■ GIVEN RECORDS ■
────────────────────

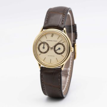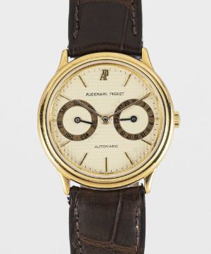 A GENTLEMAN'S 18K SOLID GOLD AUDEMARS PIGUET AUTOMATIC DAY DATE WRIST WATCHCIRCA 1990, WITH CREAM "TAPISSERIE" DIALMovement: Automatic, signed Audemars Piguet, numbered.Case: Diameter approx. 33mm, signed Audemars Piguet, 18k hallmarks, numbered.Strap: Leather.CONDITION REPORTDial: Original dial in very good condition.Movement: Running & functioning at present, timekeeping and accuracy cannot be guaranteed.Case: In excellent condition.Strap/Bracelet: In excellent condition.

────────────────────

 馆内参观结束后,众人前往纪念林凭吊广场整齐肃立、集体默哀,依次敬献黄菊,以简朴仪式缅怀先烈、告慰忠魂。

────────────────────

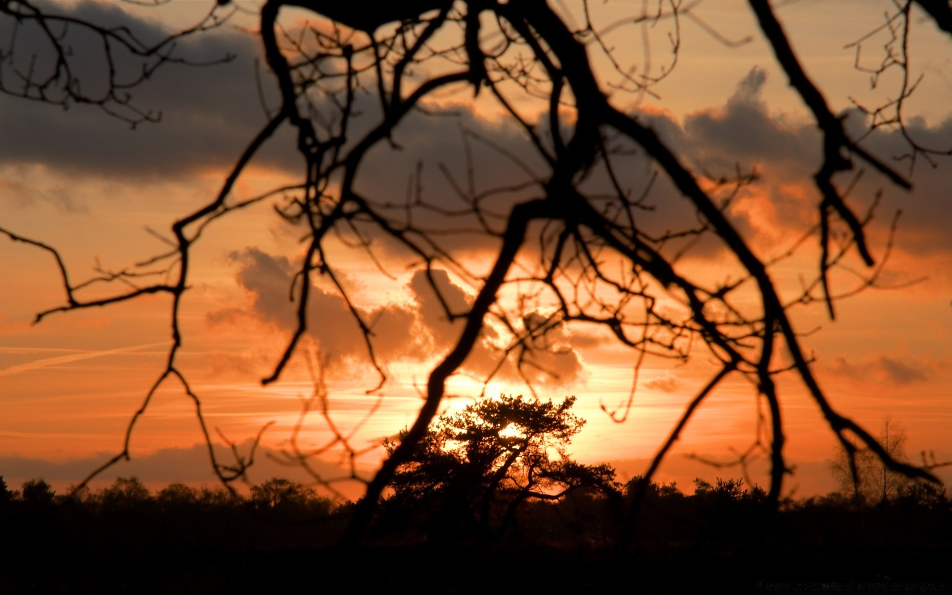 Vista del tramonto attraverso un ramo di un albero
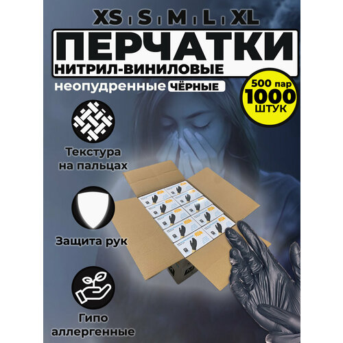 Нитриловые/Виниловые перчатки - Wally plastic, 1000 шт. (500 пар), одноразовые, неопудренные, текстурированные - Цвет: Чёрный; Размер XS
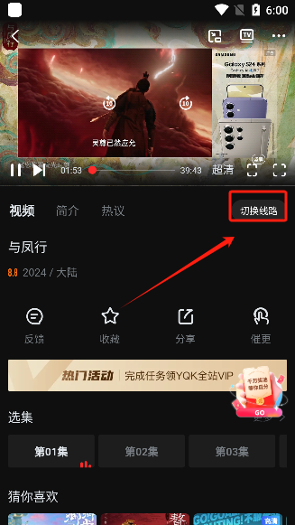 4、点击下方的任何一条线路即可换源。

────────────────────

■ ASSIGNMENT ■
Your copy should hold the lines from the one with "Vista del tramonto" up to and including the one with "4、点击下方的任何一条线路即可换源。", exactly as in the data above, and no pictures.

■ THE COMPLETED TASK ■
 Vista del tramonto attraverso un ramo di un albero
 Нитриловые/Виниловые перчатки - Wally plastic, 1000 шт. (500 пар), одноразовые, неопудренные, текстурированные - Цвет: Чёрный; Размер XS
 4、点击下方的任何一条线路即可换源。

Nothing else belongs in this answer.